Ceux qui le côtoient savent aussi qu’il est un artiste de l’humour pince-sans-rire. Je m’y suis moi-même souvent laissé prendre lorsque j’étais jeune conseiller municipal. Cependant, sa courtoisie innée et son fort goût pour le consensus ne l’empêchent nullement de savoir donner des coups de patte quand il le juge nécessaire. Ainsi, un soir de conseil municipal et sur le ton infiniment courtois dont il ne se départit jamais, il avait fermement renvoyé dans ses buts un collègue qui lui reprochait de manquer d’ambition pour Versailles au motif qu’il se refusait à envisager pour la ville une croissance démographique jusqu’à 100 000 habitants.
E
n septembre 2004, Alain Schmitz avait dû renoncer à se présenter à nouveau au Sénat en raison des effets de la parité. Sûrement à regret mais avec une parfaite élégance, il s’était donc retiré, ce qui lui avait valu d’être appelé « le gentleman-sénateur » par Gérard Larcher, tête de liste de l’UMP aux sénatoriales de septembre 2004. J’espère que le président du Sénat ne m’en voudra pas trop si, lui piquant sans vergogne cette jolie expression, je dis ici à mon tour que, nous les Yvelinois, nous avons cette chance insigne d’avoir désormais à la tête de notre département un authentique gentleman-président.

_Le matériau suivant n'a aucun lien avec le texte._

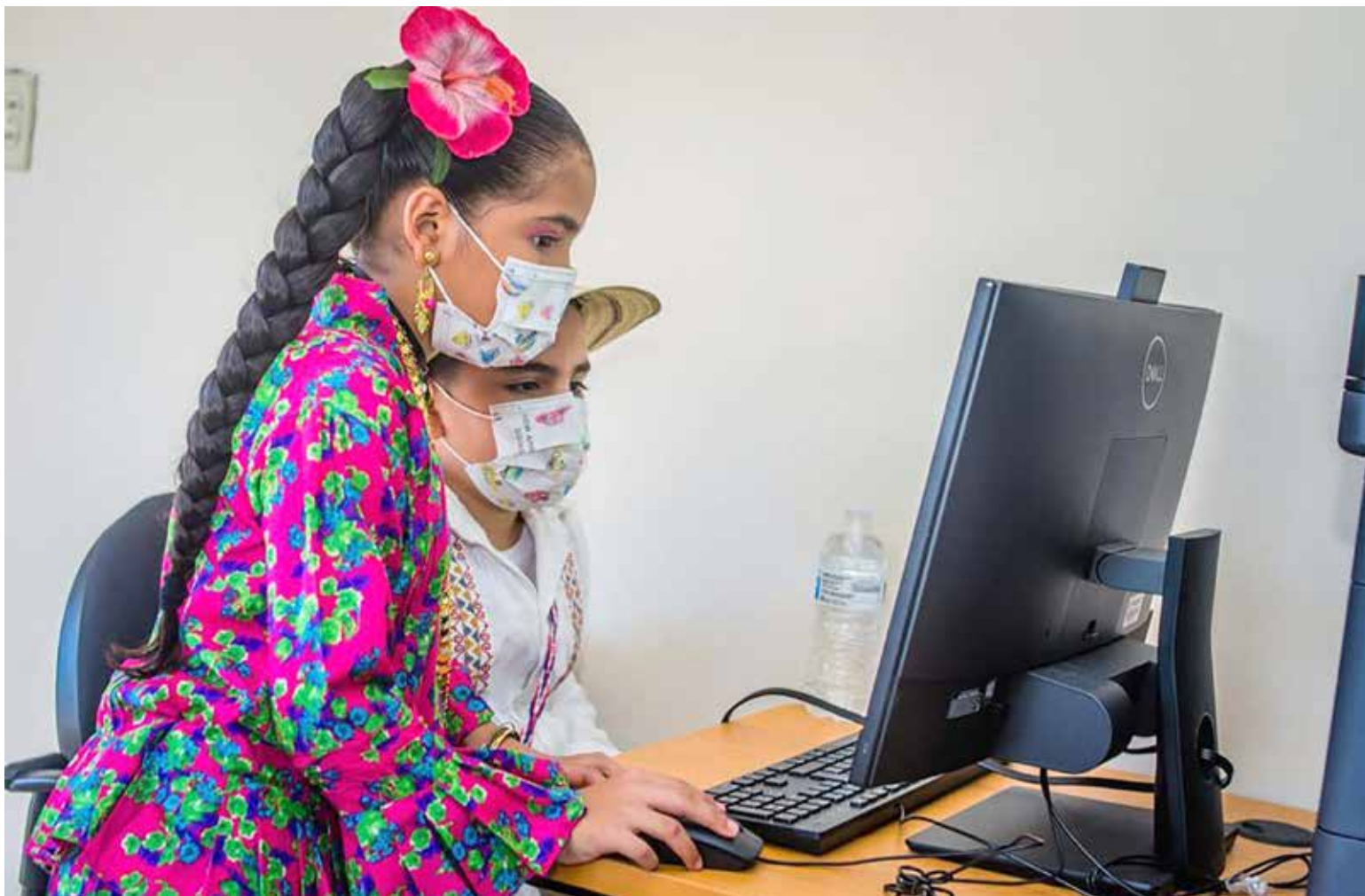
Las Infoplazas conectan las comunidades con la era digital.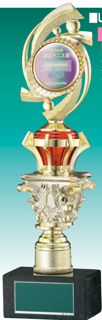
SH-7643-A (金色 取付け例)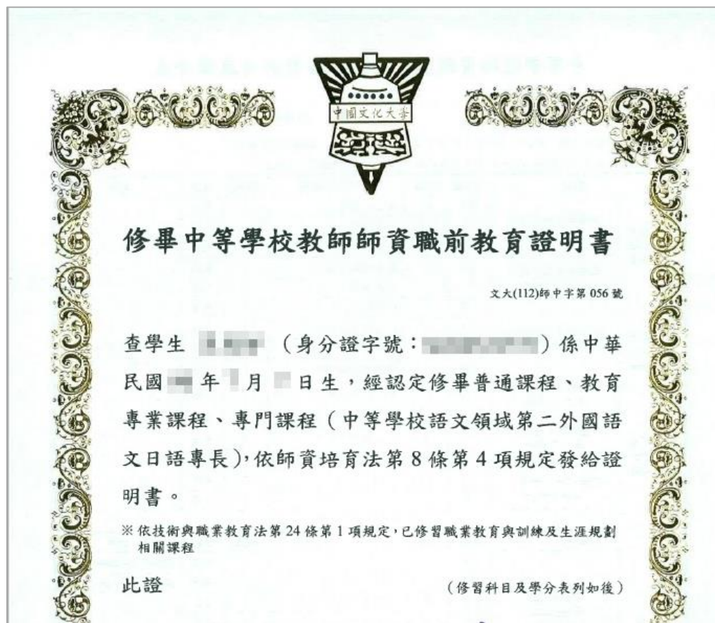
新制格式（先檢後實）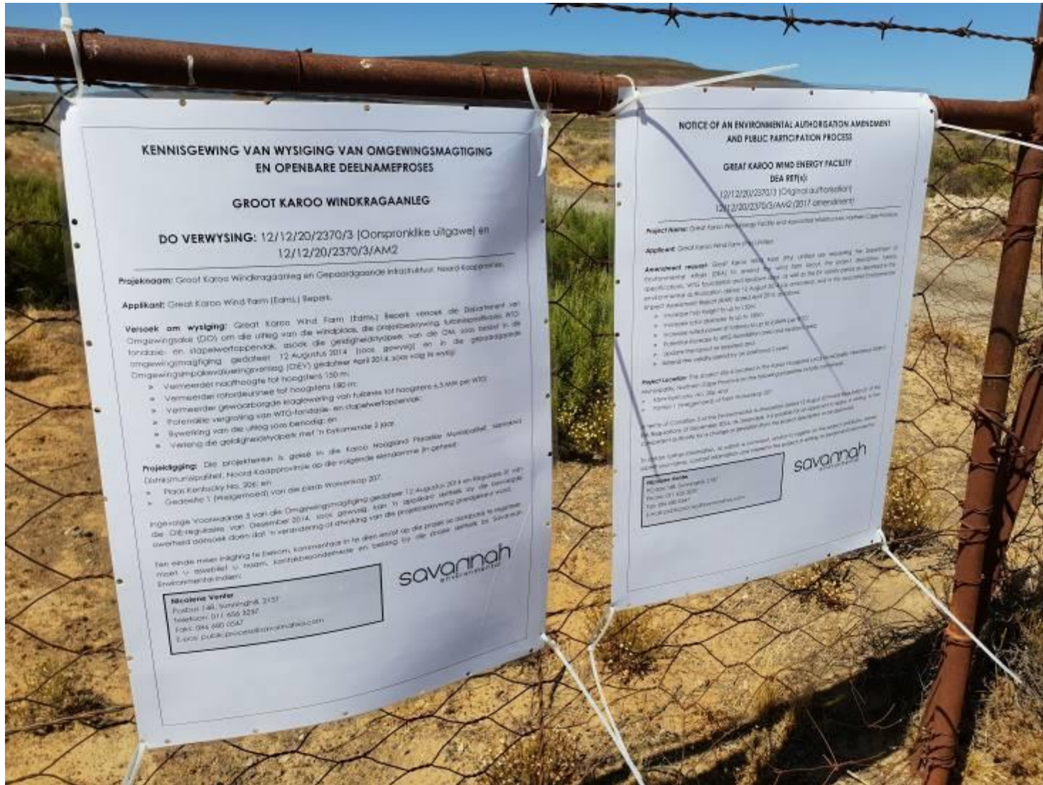
Figure 1: Site notices No. 1: Afrikaans and English –placed on a boundary fence along the unnamed dirt access road providing access to the Great Karoo WEF. Co-ordinate: 32°47'7.57"S; 18°14'26.70"E

Rédigé le samedi 4 juillet 2009 – Copyright Hervé PICHON
Il faut ajouter aux actions de Alain Schmitz la rénovation du Pavillon des Filtres au carrefour de l'avenue des Etats Unis et de la rue du Général Pershing.
Ce fut une action trés importante pour notre quartier car depuis ,notre association de quartier a la possibilité de le faire visiter le jour de la fête du patrimoine.